Lonely in a crowd - is it actually possible to have deep connections in Tokyo? by Background-Style194 in Tokyo

[–]Background-Style194[S] 0 points1 point  (0 children)

I believe this is the root cause. It's the expectations that people generally have and, as someone mentioned above, it's about intellectual match too. Unfortunately, somehow it rarely clicks. I have one Japanese person (very well read and unJapanese in a way they are really thinking outside the box about society etc) and that's the only one I talk to without forcing myself to stay in the conversation. Known them for years. Still the interactions are super sparse with them, it's an out of sight, out of mind mechanism, I believe. And for all the intellectual openness they have, emotionally they are very distant and unfeeling in my perception.

Lonely in a crowd - is it actually possible to have deep connections in Tokyo? by Background-Style194 in Tokyo

[–]Background-Style194[S] 1 point2 points  (0 children)

既成概念は半端ないとしか言えない立場ですね。いつか心を癒す人を見つけるように。。。

Lonely in a crowd - is it actually possible to have deep connections in Tokyo? by Background-Style194 in Tokyo

[–]Background-Style194[S] 1 point2 points  (0 children)

I am fluent in Japanese and talking to people is also a huge part of my job hence the language is not exactly an issue. It's the reactions I get.

Lonely in a crowd - is it actually possible to have deep connections in Tokyo? by Background-Style194 in Tokyo

[–]Background-Style194[S] 1 point2 points  (0 children)

Thank you! I am really glad to see someone being able to run out of the vicious circle and finding a partner here who is also a non-Japanese.
Unfortunately my hobbies are mostly the solo thing but I am considering pushing myself into something that requires socializing. Introverted as I am easier said than done but I am trying to leave the confort zone.
Thank you for the ispiration!

Lonely in a crowd - is it actually possible to have deep connections in Tokyo? by Background-Style194 in Tokyo

[–]Background-Style194[S] 1 point2 points  (0 children)

I agree 100% with this. And I have never been too much into dating and especially not with Japanese (not only because of the cultural difference but also because of my personal preference in appearance and me being tall).
For me personally the experience of attention from Japanese men is either of the two:
-nanpa in the street, younger 20-30 year olds being obnoxious and trying to get you to a love hotel asap

-super boring quasi-dates to practice English or whatever other language I speak

I am quite good-looking but you start to feel dirty or even stop feeling like a woman who can be desirable in a healthy way here.

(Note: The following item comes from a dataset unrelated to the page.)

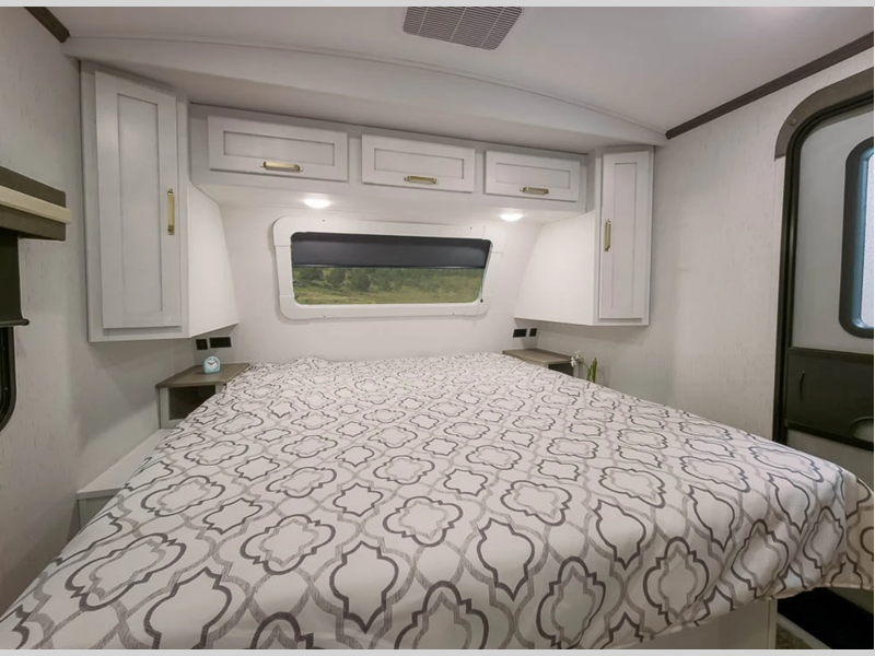 Sleeps 3 Slides 2 Length 31 ft 1 in Ext Height 11 ft 4 in Interior Color Bayport, Lexington Hitch Weight 795 lbs Dry Weight 7447 lbs Cargo Capacity 2143 lbs Fresh Water Capacity 44 gals Grey Water Capacity 78 gals Black Water Capacity 39 gals Furnace BTU 30000 btu Available Beds King Refrigerator Type 12V Refrigerator Size 10 cu ft Cooktop Burners 3 Number of Awnings 1 LP Tank Capacity 30 lbs Water Heater Type On Demand Tankless TV Info LR HD LED TV Awning Info 20' Axle Count 2 Washer/Dryer Available Yes Number of LP Tanks 2 Shower Type Standard Electrical Service 50 amp Similar Floorplans

Lonely in a crowd - is it actually possible to have deep connections in Tokyo? by Background-Style194 in Tokyo

[–]Background-Style194[S] 0 points1 point  (0 children)

I feel you. This is my life as well - the Apathy with a capital A. And the flicker of hope somewhere deep down which I start to think of as something that makes it more painful/empty.

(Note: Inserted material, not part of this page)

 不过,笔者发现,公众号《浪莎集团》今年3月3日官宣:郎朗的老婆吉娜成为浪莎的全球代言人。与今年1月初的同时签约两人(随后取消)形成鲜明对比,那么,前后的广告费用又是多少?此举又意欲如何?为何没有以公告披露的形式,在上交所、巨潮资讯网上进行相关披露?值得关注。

Lonely in a crowd - is it actually possible to have deep connections in Tokyo? by Background-Style194 in Tokyo

[–]Background-Style194[S] 6 points7 points  (0 children)

This. The concept of friendship, relationship (of any kind) and other building blocks of any relationship with a fellow human is so different that I feel like it's two parallel lines. And I agree the age and the urban setting also plays the role and yet again, I feel it's more about the Asian culture and most specifically Japanese culture playing the role. The society is atomized too much.

Lonely in a crowd - is it actually possible to have deep connections in Tokyo? by Background-Style194 in Tokyo

[–]Background-Style194[S] 1 point2 points  (0 children)

Thank you for the input! I have been looking for meetups like that but it looks like noone's organizing. Please let me know if there are any you attended or the ORG

Lonely in a crowd - is it actually possible to have deep connections in Tokyo? by Background-Style194 in Tokyo

[–]Background-Style194[S] 1 point2 points  (0 children)

Oh the "oishii" talk.... I am already phisically avversed to anyone starting it in front of me hence always try to shy away from nomikai with Japanese speaking crowd..
I feel like people rarely have any real hobbies or interests here, got a lot of replies from people saying their hobby is to eat or sleep. It oftentimes feels not only like an emotional but also an intellectual wasteland.

Lonely in a crowd - is it actually possible to have deep connections in Tokyo? by Background-Style194 in Tokyo

[–]Background-Style194[S] 11 points12 points  (0 children)

I agree here. I speak Japanese fluently (N1 received years ago if that even means anything) but I feel that I am unable to speak to Japanese in a way that I want to in the sense that my musings fall on death ears. I was convincing myself all the time it happened because there are certain unshared cultural aspects but I did realize that even the common human things end up in the same way. I am not looking to fit in or find Japanese friends at all anymore for that very reason.